Third, I don’t take a long time off, but I do take short, deliberate windows. A few hours each week fully dedicated to my hobbies and to the people I love are enough to recharge me completely.
In ten years, what factory capabilities will exist thanks to Forgis that would otherwise be impossible?
In ten years, a factory won’t be a fixed asset anymore. It will be a living system, plug-and-play, adaptive, and self-optimizing. Orders will move straight from digital demand into physical production, with AI agents translating intent into execution, reconfiguring machines, and tuning processes in real time. For the first time, corporate strategy will execute itself.
Change the strategy, and the factory changes with it. No retooling cycles, no months of delay, no friction between planning and reality. Humans won’t disappear from the factory floor, they’ll be elevated to higher quality tasks. Engineers and operators will act as conductors, not firefighters, focusing on quality, creativity, and innovation while the system runs in continuous orchestration beneath them.

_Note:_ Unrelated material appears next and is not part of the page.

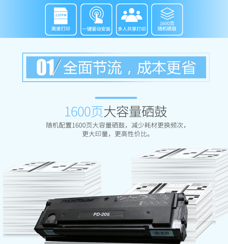 奔图/PANTUM P2506 A4 黑白打印机 A4黑白激光打印机 高速打印 便捷打印 自动休眠 节能省电 P2506 USB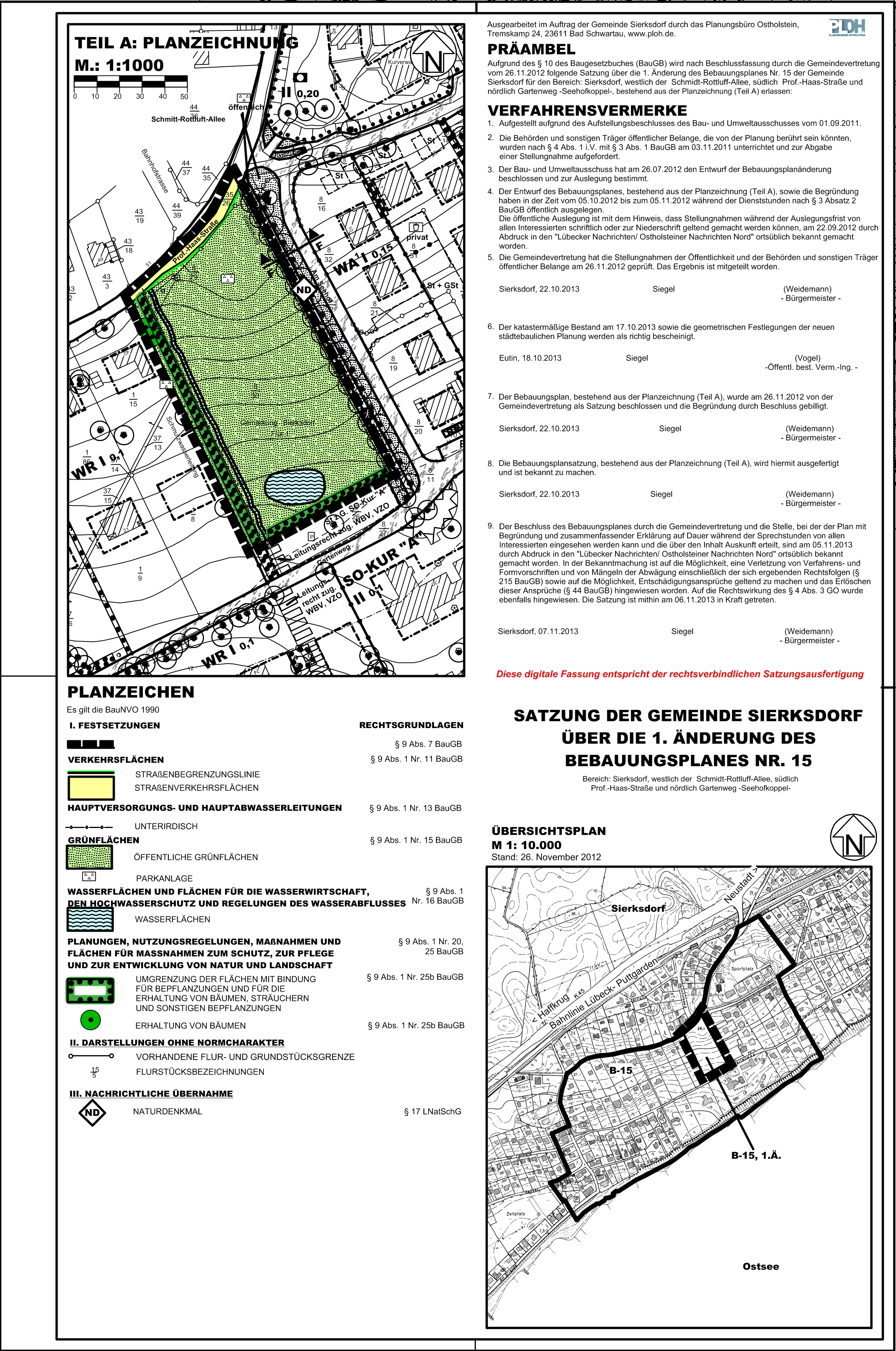Bebauungsplan 15 1.Änderung, Vermerk

As intelligence becomes embedded into factories, lowering prices purely thanks to cheap production costs – like China is doing now – will no longer be a viable strategy. Manufacturing will no longer be driven by low-cost labor. Cost efficiency will come from how effectively intelligence runs the factory. In this model, the manufacturers with the strongest industrial intelligence will achieve the lowest production costs. Competition between goods sellers will shift away from cost arbitrage and toward delivering the best product or executing the strongest marketing.